Task requirements: Omit all images, then repeat exactly the lines below from the one containing "- خيار لتحديد" through the one containing "Ausztria, 19. sz.", both ends included.

Provided data:
Start of Block

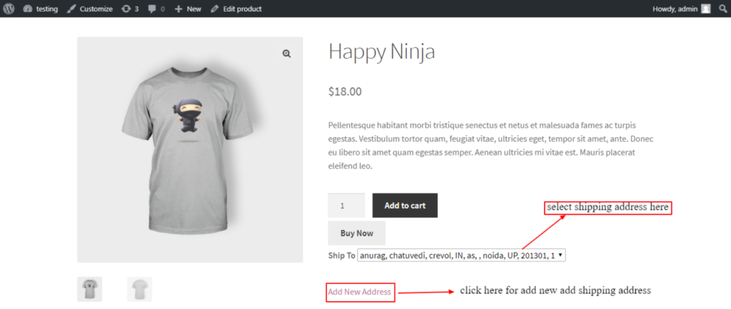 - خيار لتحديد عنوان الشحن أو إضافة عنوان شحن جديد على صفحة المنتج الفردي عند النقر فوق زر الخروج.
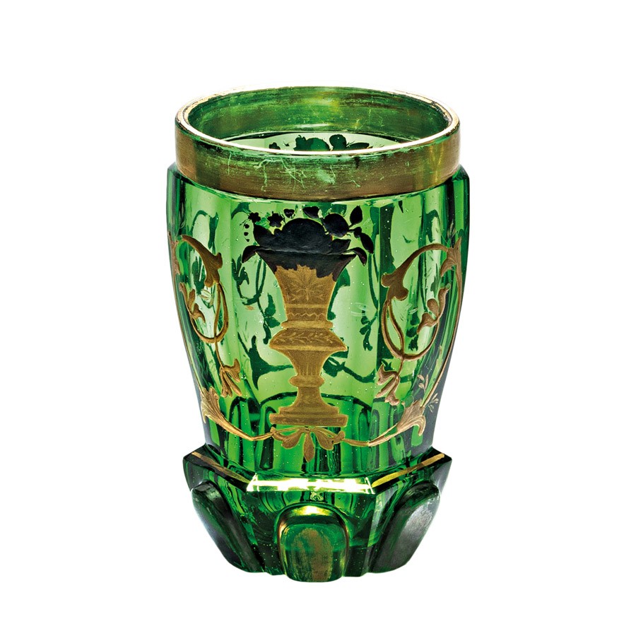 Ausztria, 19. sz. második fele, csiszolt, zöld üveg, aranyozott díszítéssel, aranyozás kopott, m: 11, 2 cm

End of Block
Start of Block

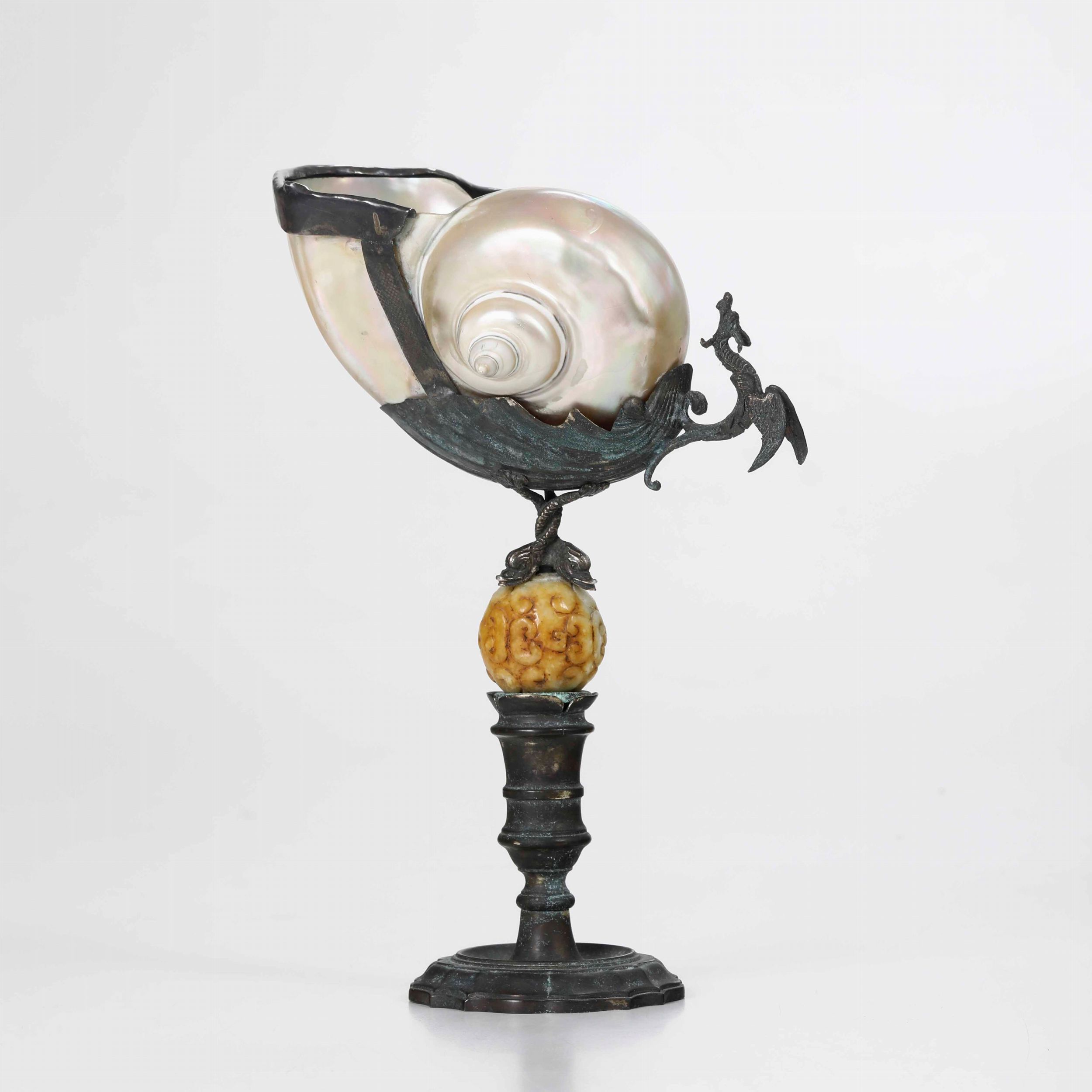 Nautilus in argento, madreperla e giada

End of Block

Result for this task:
 - خيار لتحديد عنوان الشحن أو إضافة عنوان شحن جديد على صفحة المنتج الفردي عند النقر فوق زر الخروج.
 Ausztria, 19. sz. második fele, csiszolt, zöld üveg, aranyozott díszítéssel, aranyozás kopott, m: 11, 2 cm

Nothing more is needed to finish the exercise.